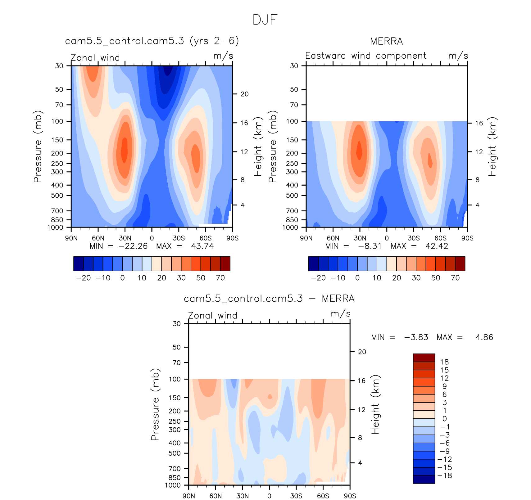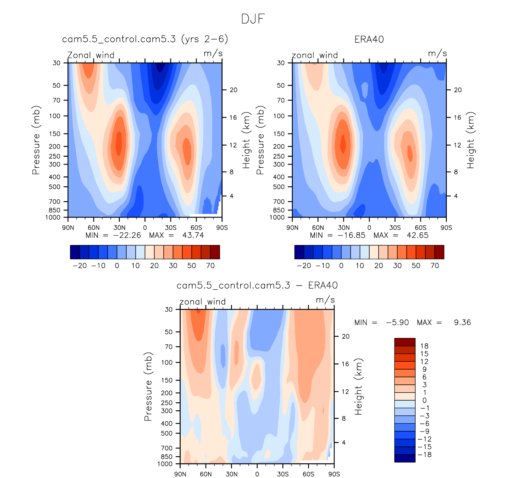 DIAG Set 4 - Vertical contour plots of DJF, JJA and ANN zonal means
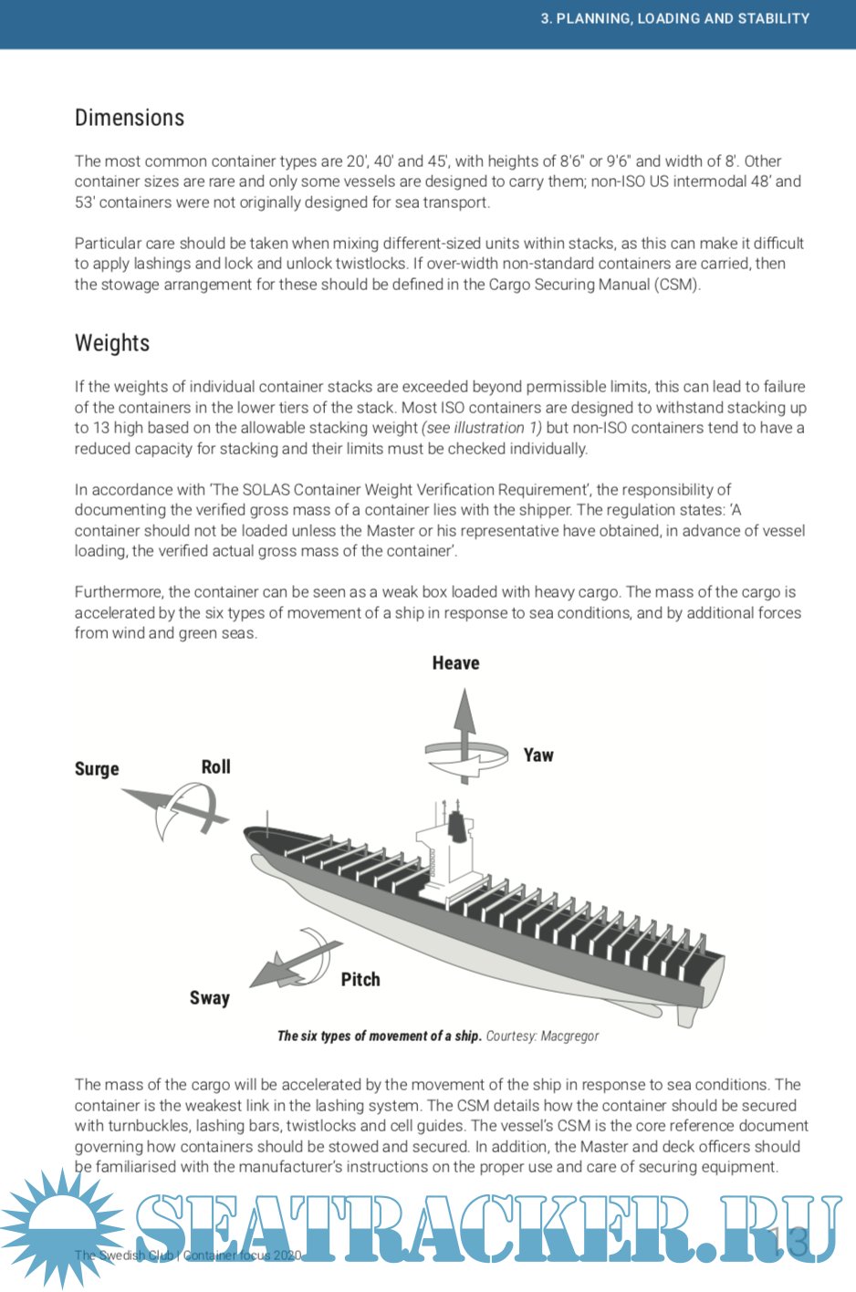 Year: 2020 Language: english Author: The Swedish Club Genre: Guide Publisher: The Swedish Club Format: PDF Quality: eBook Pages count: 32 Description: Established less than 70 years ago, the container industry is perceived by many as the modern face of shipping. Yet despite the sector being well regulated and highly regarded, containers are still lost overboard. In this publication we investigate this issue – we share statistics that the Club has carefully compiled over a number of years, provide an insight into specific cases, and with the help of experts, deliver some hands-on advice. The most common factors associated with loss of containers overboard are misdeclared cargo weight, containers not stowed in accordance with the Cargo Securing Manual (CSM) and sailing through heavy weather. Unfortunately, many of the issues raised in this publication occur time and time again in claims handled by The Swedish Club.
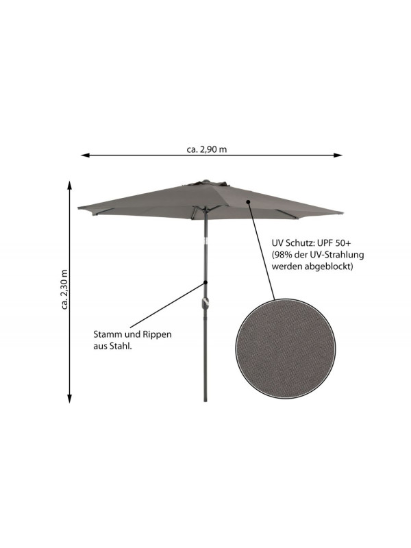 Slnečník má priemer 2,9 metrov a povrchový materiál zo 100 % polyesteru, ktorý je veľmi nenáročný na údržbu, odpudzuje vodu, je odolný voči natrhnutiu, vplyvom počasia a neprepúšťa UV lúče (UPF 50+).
::::
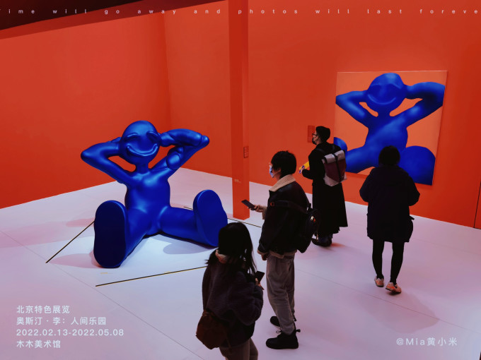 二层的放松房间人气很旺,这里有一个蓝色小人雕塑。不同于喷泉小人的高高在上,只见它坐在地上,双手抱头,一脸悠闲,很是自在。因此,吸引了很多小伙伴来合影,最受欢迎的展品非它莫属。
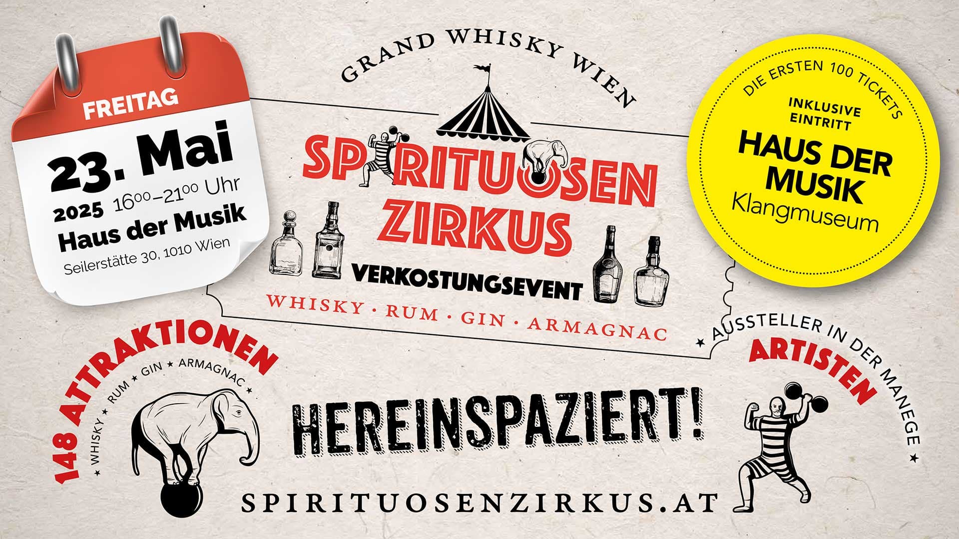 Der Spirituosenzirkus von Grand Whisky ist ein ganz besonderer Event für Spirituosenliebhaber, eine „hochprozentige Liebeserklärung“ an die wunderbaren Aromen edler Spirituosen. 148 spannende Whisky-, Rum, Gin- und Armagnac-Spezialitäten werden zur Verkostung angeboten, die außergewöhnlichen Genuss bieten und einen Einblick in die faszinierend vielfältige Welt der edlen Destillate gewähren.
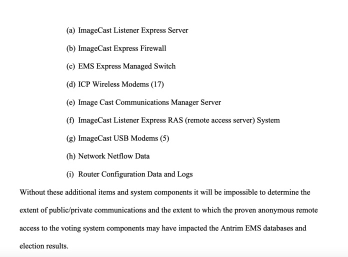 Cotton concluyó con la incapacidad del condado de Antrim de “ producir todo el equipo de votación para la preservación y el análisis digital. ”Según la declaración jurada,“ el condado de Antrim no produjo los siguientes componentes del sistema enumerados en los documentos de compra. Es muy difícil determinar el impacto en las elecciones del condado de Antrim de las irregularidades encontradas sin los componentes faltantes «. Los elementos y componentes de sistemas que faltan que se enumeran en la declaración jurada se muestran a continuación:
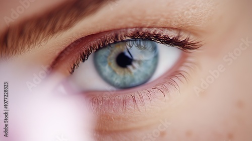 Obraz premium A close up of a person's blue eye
::::
WHAT YOU HAVE TO DO
Among the entries above, copy exactly the stretch from the line holding "Year: 2020 Language: english" through the line holding "Slnečník má priemer", leaving out any pictures.

TASK OUTPUT
 Year: 2020 Language: english Author: The Swedish Club Genre: Guide Publisher: The Swedish Club Format: PDF Quality: eBook Pages count: 32 Description: Established less than 70 years ago, the container industry is perceived by many as the modern face of shipping. Yet despite the sector being well regulated and highly regarded, containers are still lost overboard. In this publication we investigate this issue – we share statistics that the Club has carefully compiled over a number of years, provide an insight into specific cases, and with the help of experts, deliver some hands-on advice. The most common factors associated with loss of containers overboard are misdeclared cargo weight, containers not stowed in accordance with the Cargo Securing Manual (CSM) and sailing through heavy weather. Unfortunately, many of the issues raised in this publication occur time and time again in claims handled by The Swedish Club.
 Slnečník má priemer 2,9 metrov a povrchový materiál zo 100 % polyesteru, ktorý je veľmi nenáročný na údržbu, odpudzuje vodu, je odolný voči natrhnutiu, vplyvom počasia a neprepúšťa UV lúče (UPF 50+).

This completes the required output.